Consider an optimal stopping problem in which the optimality equation takes the form

$$F_{t}(x)=\max \left\{r(x), E\left[F_{t+1}\left(x_{t+1}\right)\right]\right\}, \quad t=1, \ldots, N-1,$$

$F_{N}(x)=r(x)$, and where $r(x)>0$ for all $x$. Let $S$ denote the stopping set of the onestep-look-ahead rule. Show that if $S$ is closed (in a sense you should explain) then the one-step-look-ahead rule is optimal.

$N$ biased coins are to be tossed successively. The probability that the $i$ th coin toss will show a head is known to be $p_{i}\left(0<p_{i}<1\right)$. At most once, after observing a head, and before tossing the next coin, you may guess that you have just seen the last head (i.e. that all subsequent tosses will show tails). If your guess turns out to be correct then you win $£ 1$.

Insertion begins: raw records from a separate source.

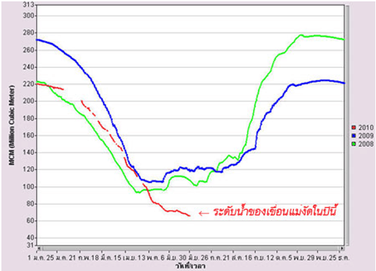 เปรียบเทียบระดับน้ำของเขื่อนแม่งัดสมบูรณ์ชล
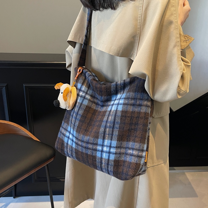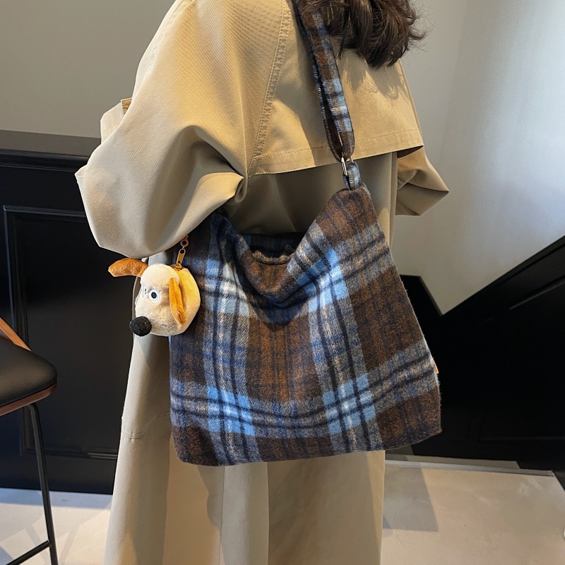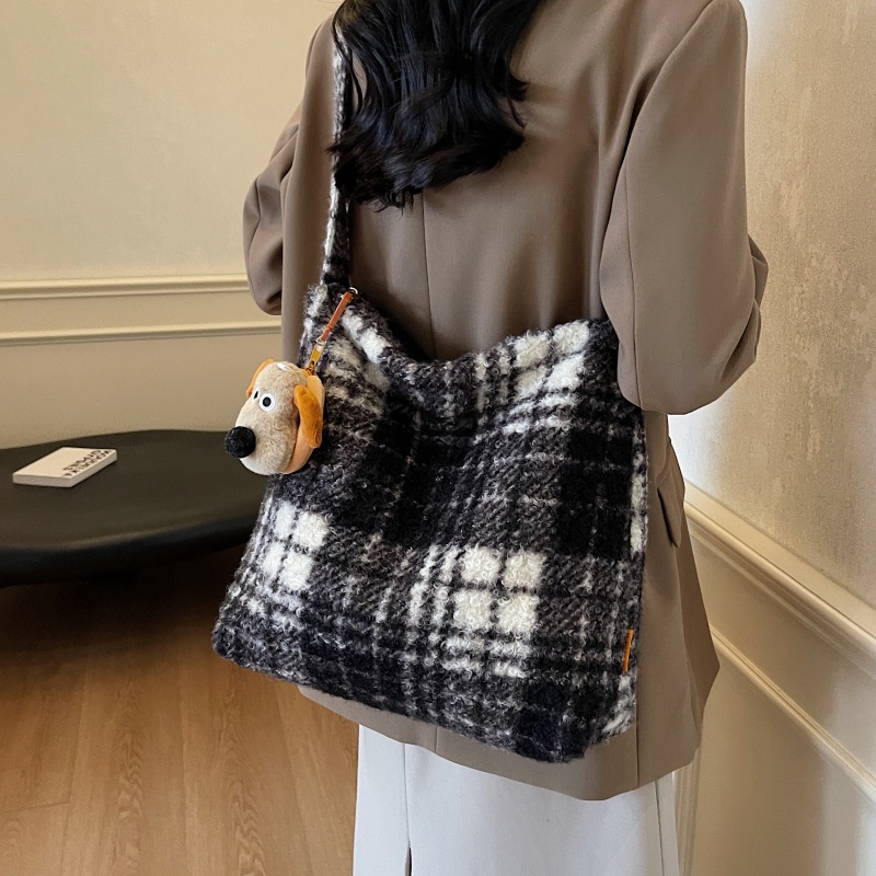 春季呢子大容量包包女2025新款通勤单肩腋下包韩系格子斜挎托特包
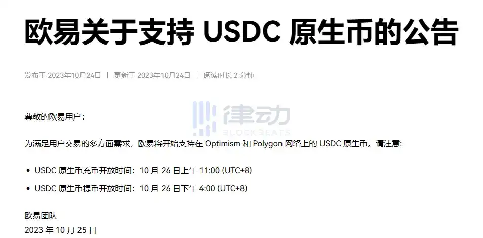 据官方公告,为满足用户交易的多方面需求,OKX 将开始支持在 Optimism 和 Polygon 网络上的原生 USDC。 - USDC 原生币充币开放时间:10 月 26 日上午 11:00 (UTC+8); - USDC 原生币提币开放时间:10 月 26 日下午 4:00 (UTC+8)。
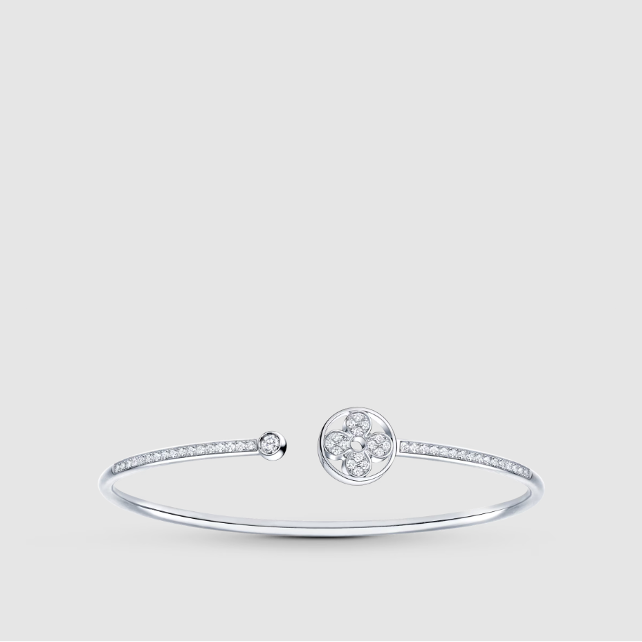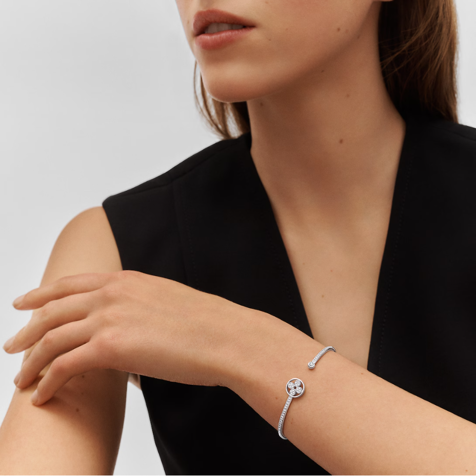This 18-karat white gold Idylle Blossom Twist bracelet is richly decorated with sparkling diamonds. Stylish and playful. it is decorated with Georges-Louis Vuitton’s 1896 Monogram Flower sun pattern and can be worn alone or paired with other accessories.

Suppose that you have not yet guessed 'last head', and the $i$ th toss is a head. Show that it cannot be optimal to guess that this is the last head if

$$\frac{p_{i+1}}{q_{i+1}}+\cdots+\frac{p_{N}}{q_{N}}>1$$

where $q_{j}=1-p_{j}$.

Suppose that $p_{i}=1 / i$. Show that it is optimal to guess that the last head is the first head (if any) to occur after having tossed at least $i^{*}$ coins, where $i^{*} \approx N / e$ when $N$ is large.